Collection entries

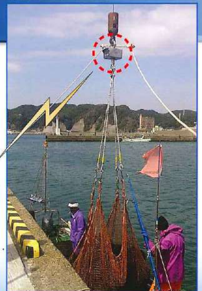
(使用現場：東安房漁協様)
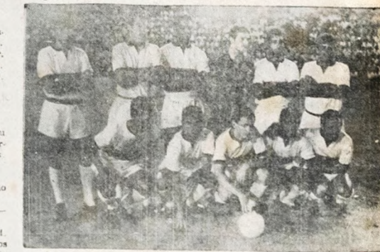
LIDERANÇA AMEAÇADA — O Botafogo, líder do Campeonato Carioca, tem esta noite sua posição ameaçada, pois enfrentará um dos mais difíceis adversários, no caso o Clube de Regatas Flamengo (foto).

Tratar com seu proprietário à Avenida Pedro — 1002, ou, aos domingos na referida granja.
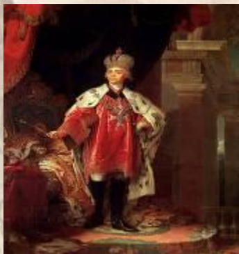
Павел I (1796 - 1801)

19 ноября 1825 г. – неожиданно умирает Александр I.
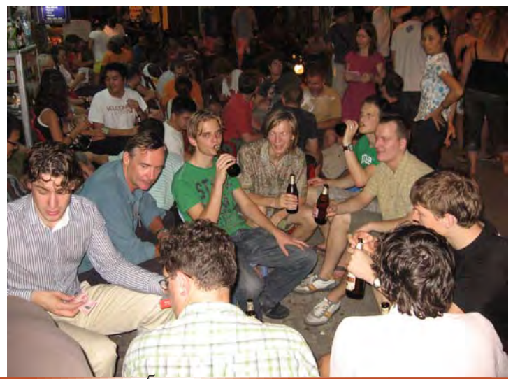
Bier drinken op een kruispunt in Hanoi

Na wat ieder-voor-zich tijd (uitslapen en een wandeling langs de haven) stond de volgende dag weer een hoog buffet op het programma en wel bovenin het Swissotel Equinox. Omdat we hier hebben gebuffetteerd tot het restaurant ons weg wilde hebben, bleef er maar kort tijd over voor een wandeling over Orchard Road, de Champs-Elysées van Singapore. Denk je dat je simpelweg een tunnel in gaat die onder de weg door loopt, zit er een heel winkelcentrum onder de grond... absurd.
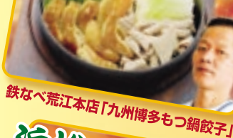
鉄なべ荒江本店「九州博多もつ鍋餃子」
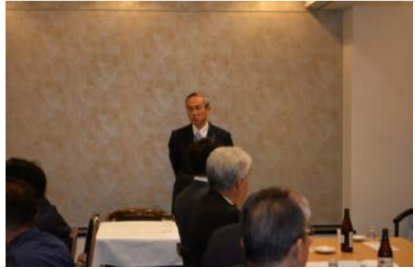
土木事務所あいさつ
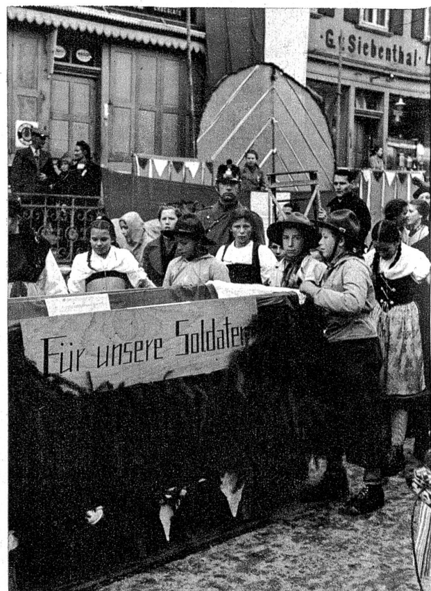
Der Sammelschlitten, der von der Gstaader Jugend herumgeführt wurde und einen sehr schönen Ertrag abwarf.

Es ist ein besonders guter Gedanke, unsere Sportler und Sportbegeisterten auf eine solche Weise auf unser nationales Hilfswerk hinzuweisen und für die gute Sache vorzuspannen. Wenn irgendwo, dann darf gerade unter Sportlern restlose Bereitschaft und Solidarität für eine grosszügige Hilfeleistung an die vom Schicksal hart betroffenen Wehrmänner vorausgesetzt werden.
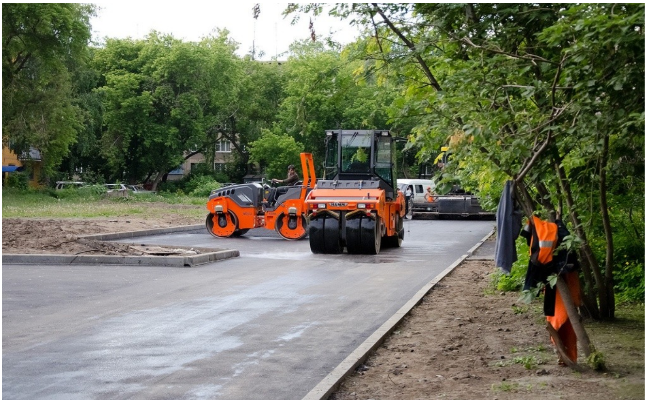
Ремонт дворовых проездов
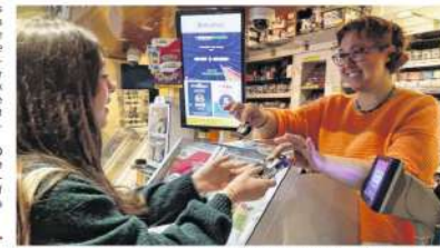
Les cendriers sont distribués gratuitement par les buralistes de Versailles dans la limite des stocks disponibles.

La Ville a ainsi fait appel à Alcome et aux buralistes pour lutter contre les mégots de cigarettes jetés dans ses rues. « Alcome est un éco-organisme chargé par l'État de réduire de 40 % les mégots dans les rues d'ici 2027, résume Pierre-Etienne Delfy, responsable de
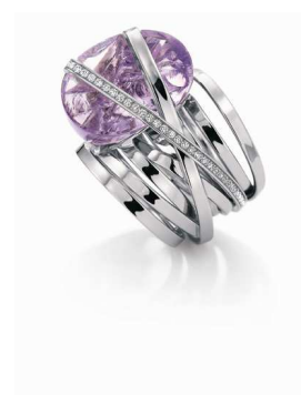
Design: Sturany Schmuck Design
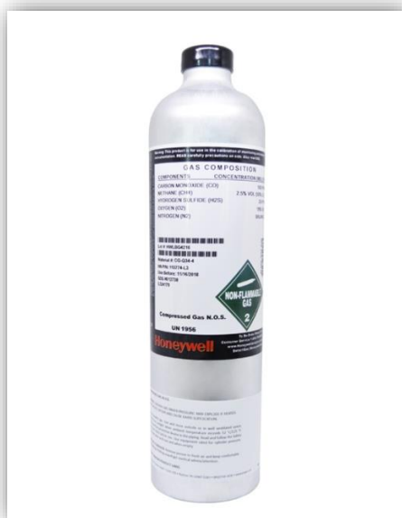
Exemplo de cilindro de para testes de detectores de gás
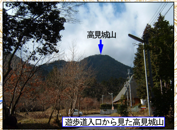
遊歩道入口から見た高見城山
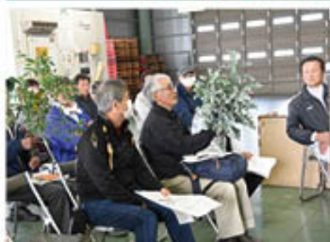
品種の特徴を確認する生産者

花き部会花木専門部で11月、「ユーカリ」の出荷が本格化しました。ユーカリは栽培管理が他の花に比べて容易で、花き栽培初心者にも向くとして、毎年新規生産者が増えている品目。今年は新規10人を含む83人が、35万本の出荷をめざしています。
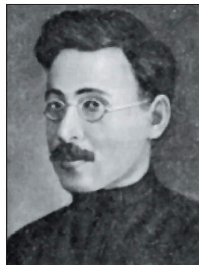
М. Глібов-Авілов, голова Чернігівського губревкому наприкінці 1919 – початку 1920 р.

Народився у Калузі. Навчався у партійній школі в Болоньї. У травні – червні 1918 р. – головний комісар Чорноморського флоту. 3 грудня 1918 р. – член колегії Народного комісаріату праці РРФСР, член президії і секретар ВЦРПС. Як представник Реввійськради 12 армії 28 жовтня 1919 р. очолив Чернігівський губревком. Згодом – нарком праці України. З 1923 р. – голова Петроградської ради профспілок. У 1928 р. – голова будівництва, директор заводу “Ростсільмаш” (Ростов-на-Дону). Заарештований у вересні 1936 р. за приналежність до контрреволюційної терористичної організації. Розстріляний. Реабілітований у 1956 р.

**Exercise goal:** Copy only this from above: the line containing "19 ноября 1825", the line containing "Der Sammelschlitten, der", and all lines between, printed exactly. Leave out the pictures.

**Exercise output:**
19 ноября 1825 г. – неожиданно умирает Александр I.
Bier drinken op een kruispunt in Hanoi

Na wat ieder-voor-zich tijd (uitslapen en een wandeling langs de haven) stond de volgende dag weer een hoog buffet op het programma en wel bovenin het Swissotel Equinox. Omdat we hier hebben gebuffetteerd tot het restaurant ons weg wilde hebben, bleef er maar kort tijd over voor een wandeling over Orchard Road, de Champs-Elysées van Singapore. Denk je dat je simpelweg een tunnel in gaat die onder de weg door loopt, zit er een heel winkelcentrum onder de grond... absurd.
鉄なべ荒江本店「九州博多もつ鍋餃子」
土木事務所あいさつ
Der Sammelschlitten, der von der Gstaader Jugend herumgeführt wurde und einen sehr schönen Ertrag abwarf.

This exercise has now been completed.